# Probability random selection Question

Ok, I am sorta stuck on this, and was hoping someone could nudge me in the right direction. The question is:

An instuctor gives her class a set of 10 problems with the information that the final exam will consist of a random selection of 5 of them. If a student has figured out how to do 7, what is the probability that he or she will answer correctly
a) all 5 problems.
b)at least 4 of the problems.

This seemed so simple. To start, I took 10 choose 5 as the possible test question combinations, since they were to be randomly picked. Then I took 7 choose 5, for the 5 answers the student would know. Then I divided 7 choose 5 by 10 choose 5. This worked out right, and answered question a) correctly.

I tried to apply this same line of thinking to b), taking 7 choose 4 and dividing it by 10 choose 5, but my answer is way off according to the book.

So, did I just get lucky on the first one, or am I on the right line of thought?

Related Introductory Physics Homework Help News on Phys.org
jamesrc
Gold Member
You're fine with the first one. For the second one, it asks for the probability of getting at least 4 questions right, meaning 4 or 5 right. The way you answered it, you found the probability of getting exactly 4 questions right. For your numerator, you have to count the number of ways to get 4 right and add to that the number of ways to get 5 right.

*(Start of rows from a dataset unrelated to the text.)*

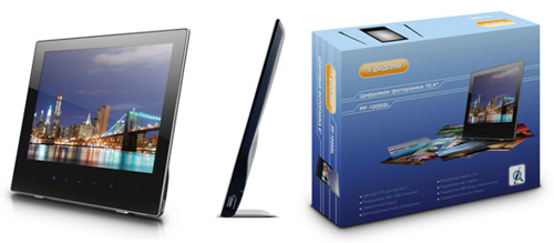 Digma PF-1005SL – тонкая цифровая фоторамка с большим цветным TFT-диcплеем размером 10,4-дюймовый и разрешением 800 x 600 точек. Сенсорные кнопки управления находятся на фронтальной поверхности устройства; также управлять меню возможно с помощью беспроводного инфракрасного пульта. Как и фоторамка PF-806SL, модель PF-1005SL поддерживает воспроизведение фотографий в формате JPEG, музыкальных файлов в формате MP3 и видеороликов в компьютерных кодировках Motion-JPEG / XviD / H.264. Для хранения информации доступна внутренняя память фоторамки 2 Гб и слоты для съемных накопителей: USB-флешек и карт памяти SD/MMC/MS. Можно смотреть отдельные снимки или запускайте слайд-шоу с музыкальным сопровождением.
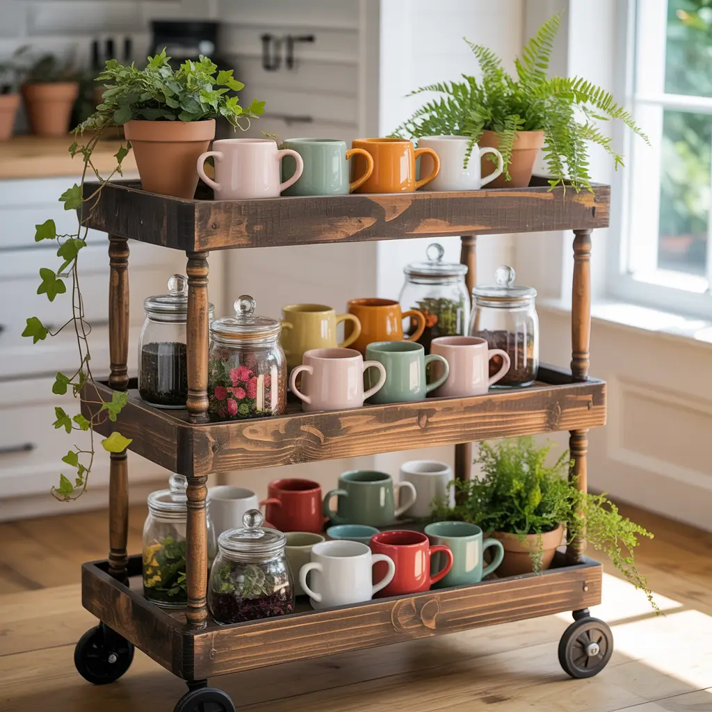 The key is organizing it strategically. I keep my coffee maker on top (make sure your cart is sturdy enough!), coffee and tea supplies on the middle shelf, and mugs and accessories on the bottom. Some carts even come with hooks on the sides for hanging mugs or towels.
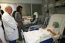 Secretary of State Condoleezza Rice in the Tbilisi Central Hospital, meeting with injured from Gori
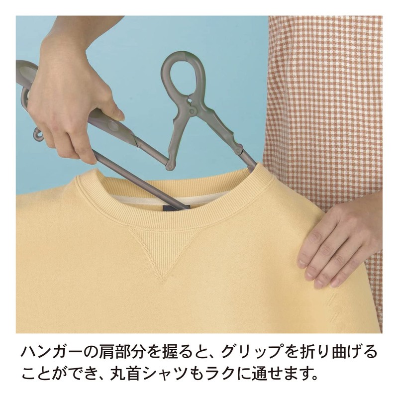 - (Convenient and Easy to Wear on Clothes) The grip portion is bendable, so you can easily put it in without stretching it even with round neck shirts, thick trainers, hoodies, etc. It also comes with a clip that can hold towels and other items on the left and right bar under the hanger, and a hook for hanging skirts and tank tops
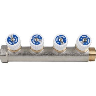 Коллектор распределительный 3/4 на 4 отвода 1/2, никелированный STOUT
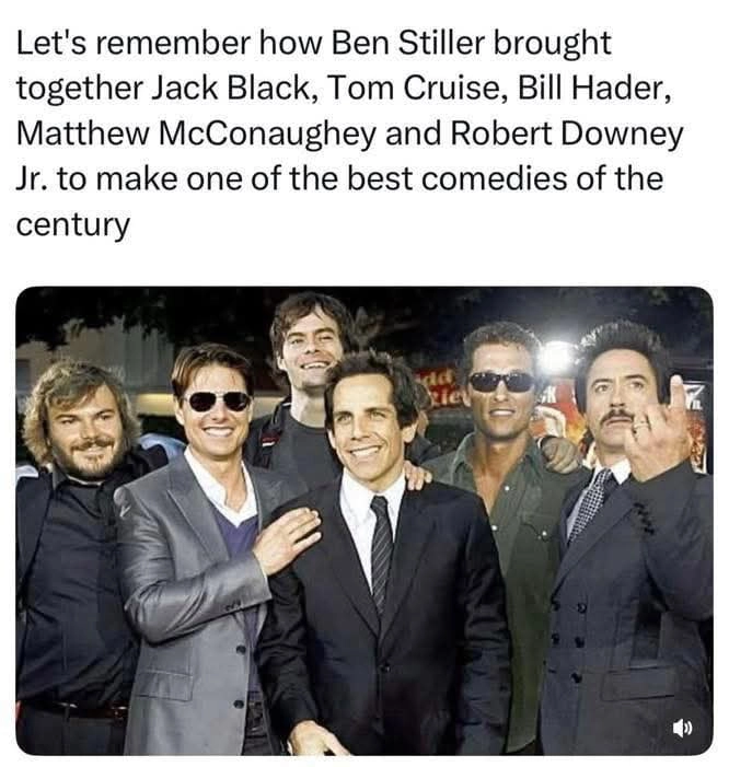 Tropic Thunder Has the best Tom Cruise , RDJ and Tobey Maguire role

Yeah, I tried that, it seemed logical. I get 7 choose 5 = 21, and 7 choose 4 = 35. Since 10 choose 5 = 252, this gives about 20%. My book says 50%, so am I just working the numbers the wrong way here?

jamesrc
Gold Member
You book has the right answer; I just didn't help enough. When you do C(7,4) and get 35, that says that there are 35 combinations of the 7 known questions taken 4 at a time, but what about the 5th question that the student gets wrong? There are three questions that the student doesn't know, so there are 3 times 35 ways for the student to get exactly 4 right. (3*35 + 21)/252 = 50%

So a more complete way to write the number of ways the student will get exactly 4 right would be C(7,4)*C(3,1)

(when I write C(n,r), I mean the number of combinations of n items taken r at a time)

I never would have thought of that, as evidenced by the fact that I turned in my homework with 20% as my answer. Oh well, it's still good to know the right answer, so I can see where i messed up.

Thanks Alot.